The above-mentioned chip pin-density problem and PCB board-density problem make it difficult to effectively improve the network engineering density. In the field of high-performance computers, a considerable number of switches and optical-fiber copper cables have become the main factors affecting network engineering. According to Moore’s Law, the performance of high-performance processors doubles every 18 months, which was claimed in 1975 [60] although it began to slow sometime around 2000, and by 2018, there appeared a roughly 15-fold gap between Moore’s prediction and then-current capability; Moore observed in 2003 that this was inevitable. The current expectation is that the gap will continue to grow as CMOS technology approaches fundamental limits [47]. Meanwhile, the SerDes-port rate doubles every 3 to 4 years with each change [56]; therefore, the gap between processor performance and port rate is widening gradually. In high-performance computers, in order to maintain a globally balanced performance communication ratio, the number of switches is often increased in exchange for an increase in aggregate bandwidth. For example, the Tianhe 2A supercomputer requires 125 computer cabinets and 13 communication cabinets; the Sunway supercomputer requires 48 cabinets and 8 communication cabinets.
With improvements in computing performance, the ratio of communication cabinets to computer cabinets has become the bottleneck of network engineering [21]. If the existing structure continues to be used, the number of high-performance system communication cabinets may exceed the number of computer cabinets, and the engineering density of interconnection networks will face major challenges.

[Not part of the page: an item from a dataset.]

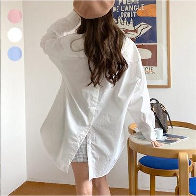 シャツ レディース 白シャツ ガーゼ ブラウス 長袖 オシャレ 柔らか シンプル 折り襟 春 夏 オフィス トップス 無地 可愛い 通勤 通学 ゆったり フォマル

4. Trend of High-Performance Interconnection Networks

A high-performance interconnection network is the essential facility of HPCs. At present, mainstream, high-performance interconnection is developing rapidly, showing four trends. First, high-performance interconnection takes the lead in aiming at 100 Gbps line speed to increase interconnection communication bandwidth. Second, in order to reduce transmission delay, interconnection and computing continue to merge and deepen cooperation. Third, there is the adoption of a multiprotocol network convergence architecture to reduce costs. Fourth, chiplet-based optoelectronic common-mode integrated packaging is improving system density.
In the future, Moore’s Law is facing multiple pressures from physical limits and economic constraints [47]. The development of high-performance computers represents the forefront of the development of electronic information technology. It is recommended that optical computers add silicon-optical integration for high-performance computing, based on carbon nanotubes to replace silicon-based semiconductors [57], and the integration of computing and networks to strengthen the disruptive breakthroughs in basic cutting-edge technologies. The high-performance interconnection network is planned to extend in the three main directions of “More Moore” [47], “More than Moore” [47], and “Beyond CMOS” [55], from the aspects of disruptive new technologies, such as system integration, system packaging, new materials, new devices, etc [53]. We must explore technological breakthroughs, solve the technical bottlenecks of ultra-high speed, ultra-low latency, high density, low cost, and high reliability in the ultra-large-scale network in the future, and realize a new type of intelligent and integrated high-performance interconnection network.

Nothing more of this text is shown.